> **Dataset records**

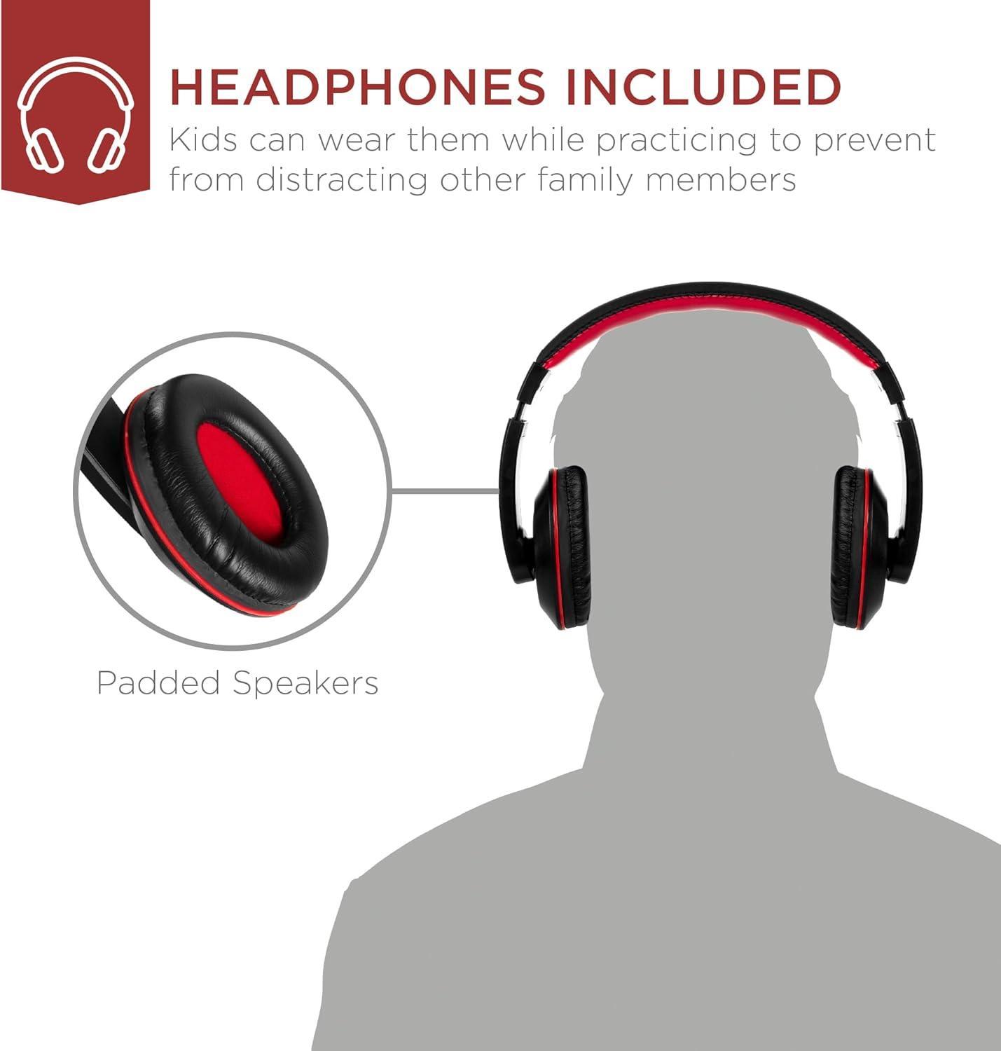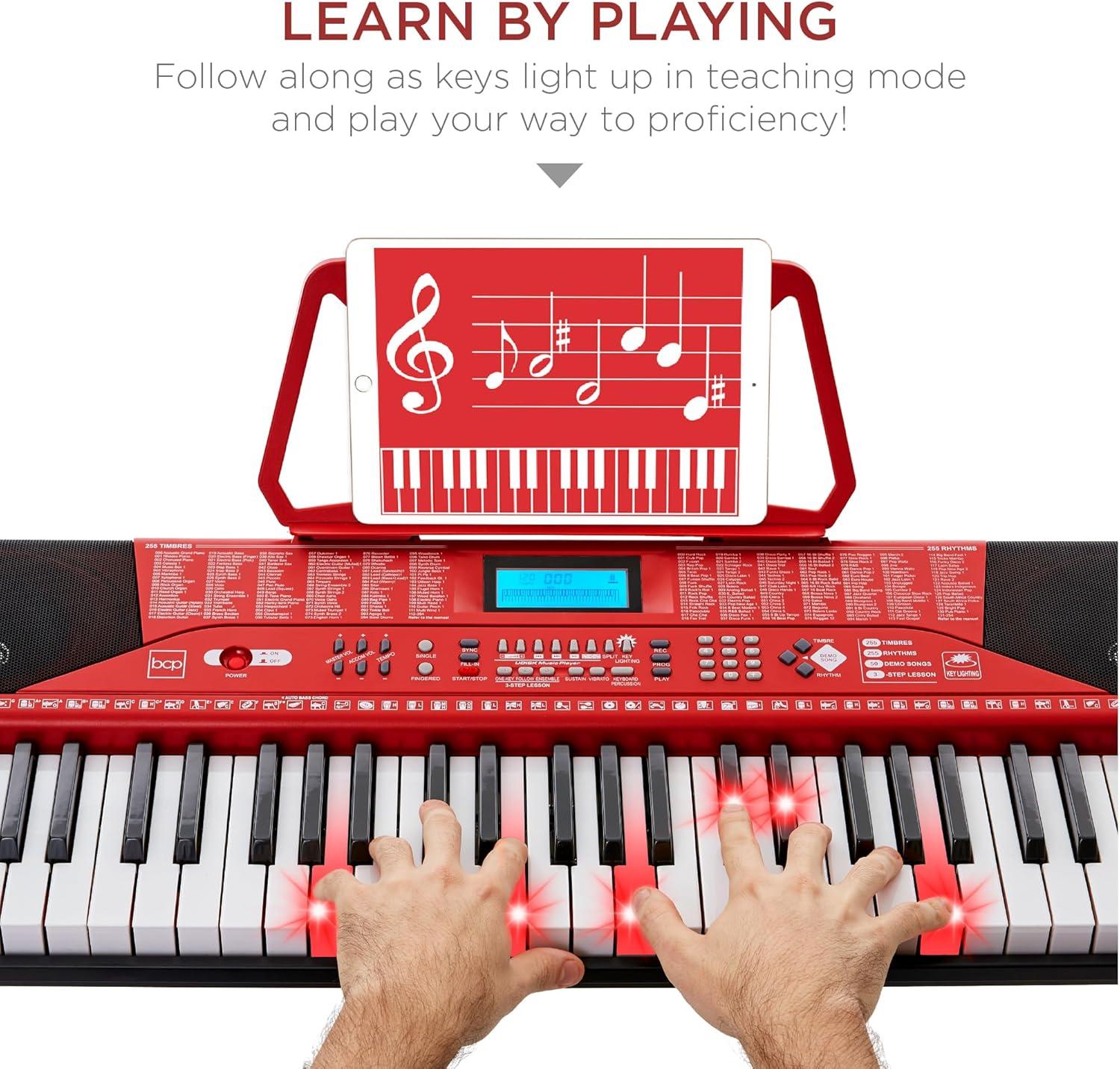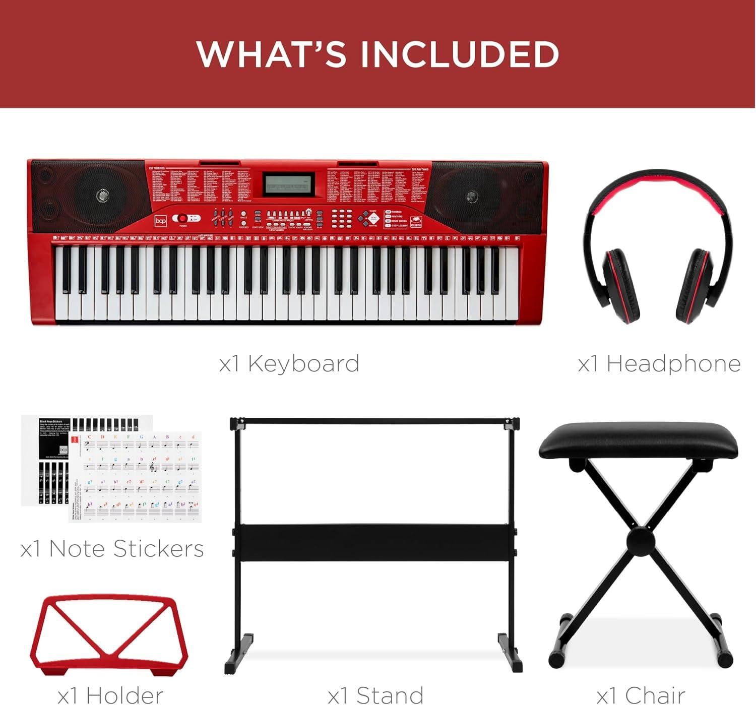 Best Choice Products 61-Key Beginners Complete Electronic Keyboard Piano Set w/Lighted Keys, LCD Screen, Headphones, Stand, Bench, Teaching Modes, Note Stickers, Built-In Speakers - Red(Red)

...

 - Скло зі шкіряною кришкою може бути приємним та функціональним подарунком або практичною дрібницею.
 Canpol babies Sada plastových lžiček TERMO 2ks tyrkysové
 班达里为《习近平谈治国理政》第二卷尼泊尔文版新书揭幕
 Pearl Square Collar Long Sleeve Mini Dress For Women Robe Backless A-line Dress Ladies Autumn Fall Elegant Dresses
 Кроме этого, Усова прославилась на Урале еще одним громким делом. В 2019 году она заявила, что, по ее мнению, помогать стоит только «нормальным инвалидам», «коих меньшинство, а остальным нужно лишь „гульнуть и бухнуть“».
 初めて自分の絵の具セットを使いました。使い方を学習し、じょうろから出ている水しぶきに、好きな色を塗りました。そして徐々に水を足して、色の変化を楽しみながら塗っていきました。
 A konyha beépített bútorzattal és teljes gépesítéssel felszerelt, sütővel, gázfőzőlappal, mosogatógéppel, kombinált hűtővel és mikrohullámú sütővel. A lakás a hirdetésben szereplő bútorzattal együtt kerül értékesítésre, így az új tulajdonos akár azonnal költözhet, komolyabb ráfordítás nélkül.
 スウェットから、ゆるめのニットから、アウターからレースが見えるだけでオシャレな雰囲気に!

> **Instructions to follow**
Given the records above, restate word for word only the lines starting at the one with "- Скло зі шкіряною" and ending at the one with "スウェットから、ゆるめのニッ".

> **Answer for this exercise**
 - Скло зі шкіряною кришкою може бути приємним та функціональним подарунком або практичною дрібницею.
 Canpol babies Sada plastových lžiček TERMO 2ks tyrkysové
 班达里为《习近平谈治国理政》第二卷尼泊尔文版新书揭幕
 Pearl Square Collar Long Sleeve Mini Dress For Women Robe Backless A-line Dress Ladies Autumn Fall Elegant Dresses
 Кроме этого, Усова прославилась на Урале еще одним громким делом. В 2019 году она заявила, что, по ее мнению, помогать стоит только «нормальным инвалидам», «коих меньшинство, а остальным нужно лишь „гульнуть и бухнуть“».
 初めて自分の絵の具セットを使いました。使い方を学習し、じょうろから出ている水しぶきに、好きな色を塗りました。そして徐々に水を足して、色の変化を楽しみながら塗っていきました。
 A konyha beépített bútorzattal és teljes gépesítéssel felszerelt, sütővel, gázfőzőlappal, mosogatógéppel, kombinált hűtővel és mikrohullámú sütővel. A lakás a hirdetésben szereplő bútorzattal együtt kerül értékesítésre, így az új tulajdonos akár azonnal költözhet, komolyabb ráfordítás nélkül.
 スウェットから、ゆるめのニットから、アウターからレースが見えるだけでオシャレな雰囲気に!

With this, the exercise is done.